Stark Reminders about the Threats to Your Sensitive Data
Posted on: June/13/2015 10:38 am by: William Brooke Stallsmith
Respond to this Article | Return
Two news stories from the first half of 2015 highlight the importance of counterintelligence awareness for stabilization and transition professionals.
The most recent and widely covered item was the US Department of Homeland Security’s announcement earlier this month that China-based hackers had stolen personal data on some 4 million federal government employees from the information systems of the Office of Personnel Management. Whether the hackers were associated with the Chinese government, another nation-state, or a criminal gang, the OPM breach is a stark reminder of the value that malicious actors attach to personal information. And data about us stabilization and transition professionals is likely to have above-average interest for the OPM hackers and their ilk. Many of us, even if we don’t work directly for the US Government, are the subjects of the security clearance and background investigation records that were broken into, and others may be cited as character references for current or prospective employees of the Department of State, USAID, or other federal agencies. The details in these records about our foreign contacts and experiences overseas greatly help criminals or spies find vulnerabilities they could exploit—to the detriment of ourselves and our organizations.

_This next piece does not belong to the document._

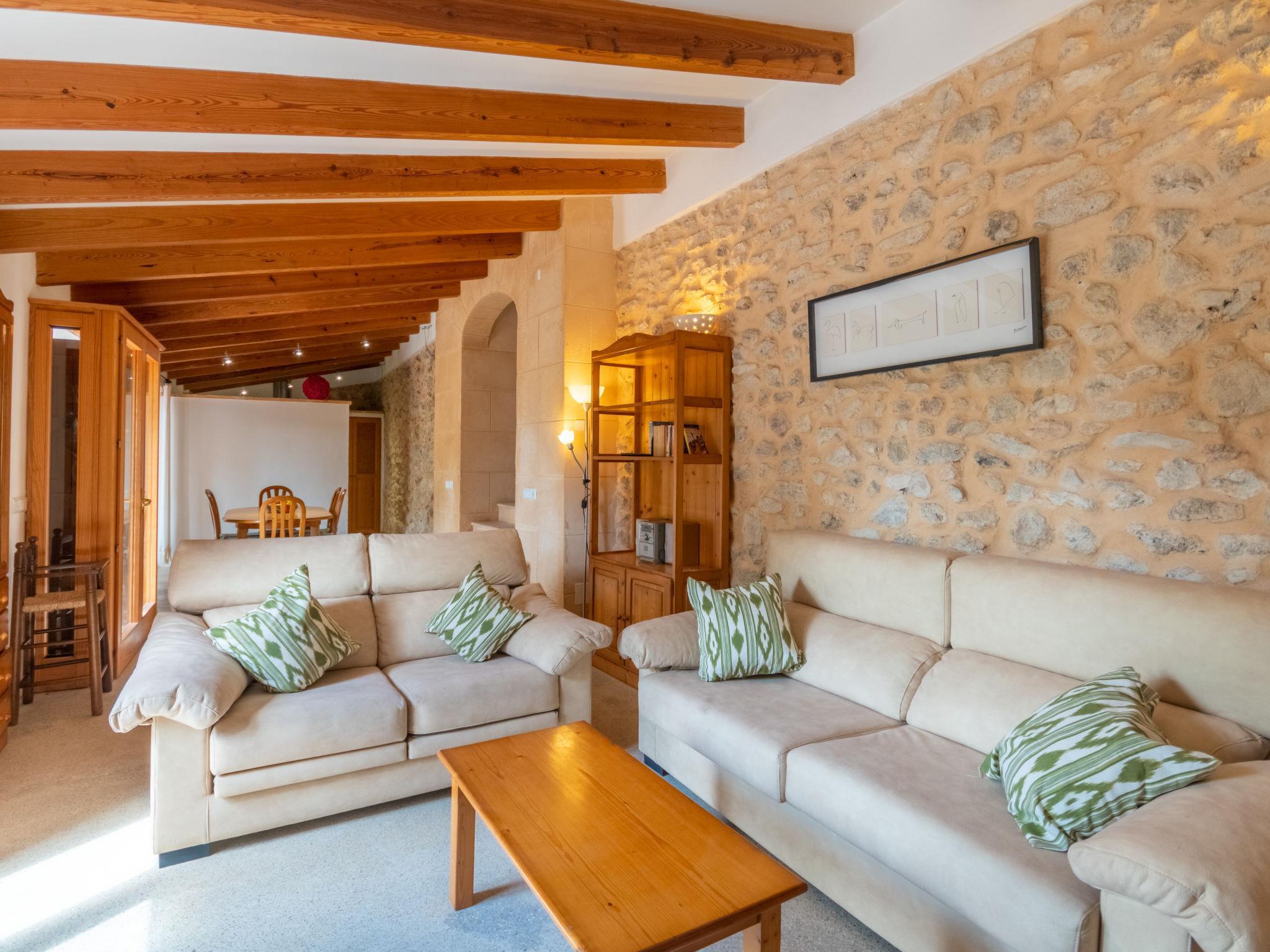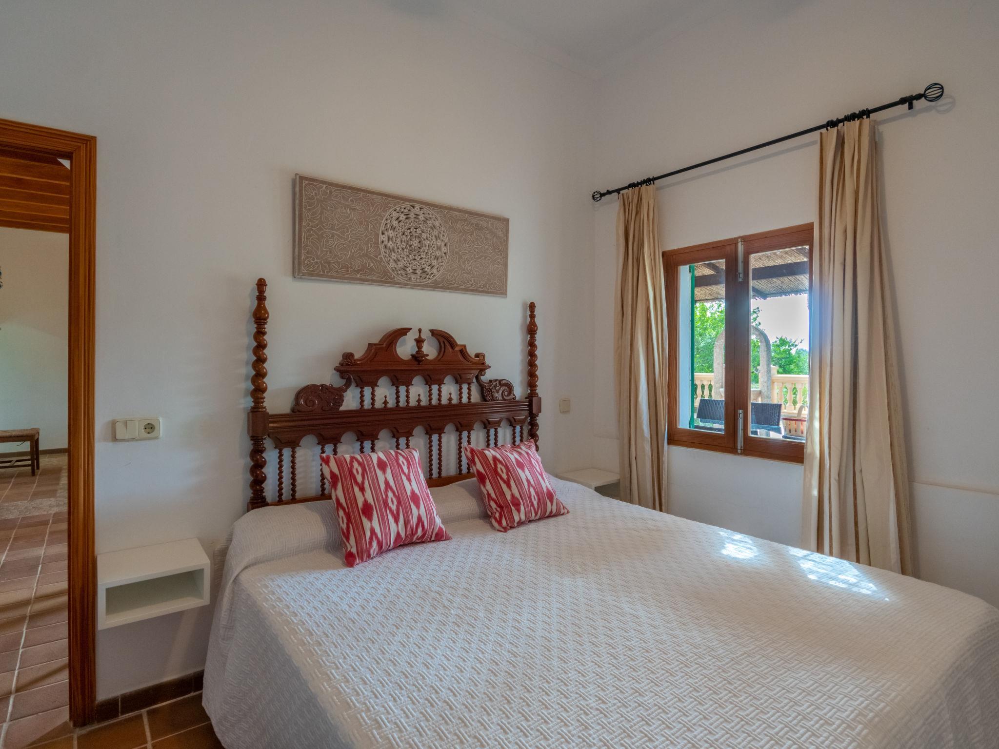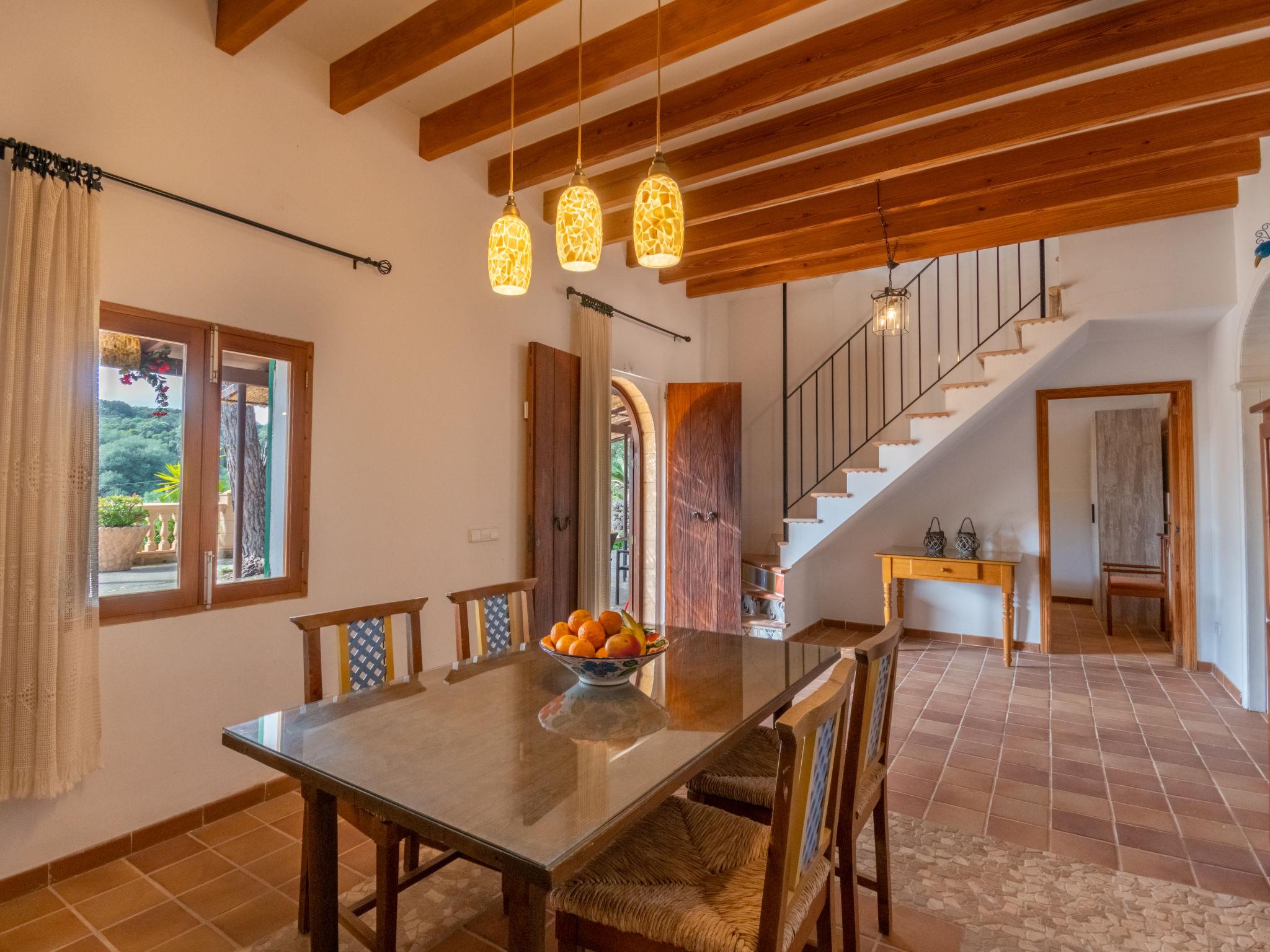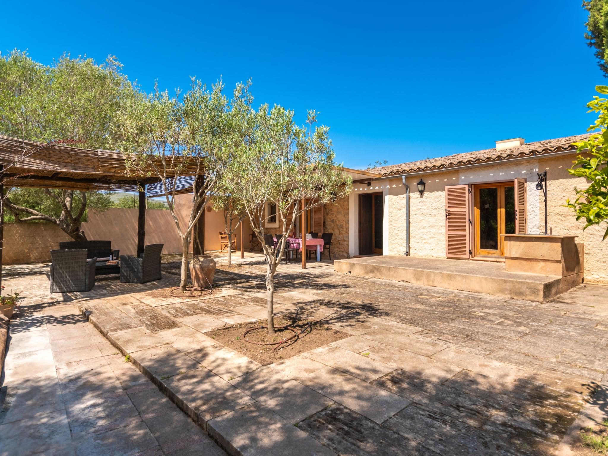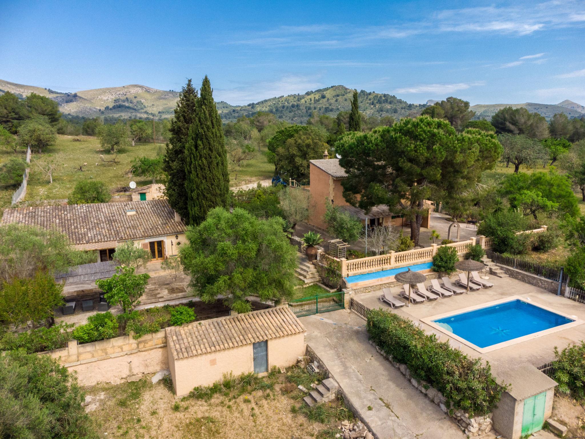 Very large, cosy farm estate "Capella Rubi", 2 storeys, renovated, surrounded by fields. Property composed of main house and outbuilding, outside the resort, 4.2 km from the centre of Artà, in a quiet, sunny position, 11 km from the sea, 11 km from the beach, in the countryside. Private: natural state property (fenced), garden with wildlife garden and trees, swimming pool angular (8 x 4 m, depth 100 - 160 cm, seasonal availability: 01.Jan. - 31.Dec.). WC in the pool area, outdoor shower, patio, arbour, pergola, garden furniture, barbecue, pool maintenance by the owner/gardener. In the house: internet access, WiFi, storage room for bicycles, air conditioning, burglar alarm system, washing machine. Parking at the house on the premises. Shop 4.2 km, supermarket 4.5 km, bakery 4.6 km, bus stop "Artà" 4.1 km, sandy beach "Son Serra de Marina" 11 km, shingle beach "Colònia Sant Pere" 9.3 km. Sports harbour 9 km, golf course (18 hole) 8 km, tennis 4 km, walking paths from the house 3.5 km, cycle lane 500 m. Nearby attractions: Artá Pueblo 4 km, Castillo de Capdepera 11.9 km, Colonia de Sant Pere - Betlem 10 km, Son Serra de Marina 12 km, Playa de Cala Agulla 14.5 km, Playa de Cala Torta - Cala Mesquida 15 km. Hiking paths: Ermita de Betlem 6.5 km, Arenalet d'Aubarca 13 km, Cap de Farrutx 14 km. Please note: car recommended. Object suitable for 9 adults. The owner does not accept any youth groups. Animals in the neighbourhood. Airfield 70 km from the property.

The other reminder of the stakes in CI awareness comes from Syria. Computer security company FireEye in February published Behind the Syrian Conflict’s Digital Front Lines, which details how hackers possibly located in Lebanon penetrated the databases and Skype sessions of rebels, media activists, and humanitarian aid workers associated with the conflict in Syria. Aid workers such as the coordinator for a charity based in Turkey suffered the compromise of lists of humanitarian needs for victims of the fighting and of the records of financial assistance. Even worse, Syrian refugees in Turkey had their personal information stolen—potentially allowing hostile armed groups to target the refugees themselves or their families.
The lessons from these incidents for stabilization and transition professionals are the same ones I laid out in my article for IST last September. Many actors want access to the data that describes us, our organizations, and our activities, and they can use a range of methods—from massive data breaches to one-on-one recruitment pitches—to try to get it. Loss of this data could be embarrassing for us and, in war zones like Syria, downright catastrophic for contacts, local employees, clients, and aid recipients who count on us to help keep them safe. We need to take common-sense measures to protect this data and the people behind it—such as ensuring the regular updates of computer applications—and, above all, to be ready to respond with intelligence and flexibility when a data breach does occur.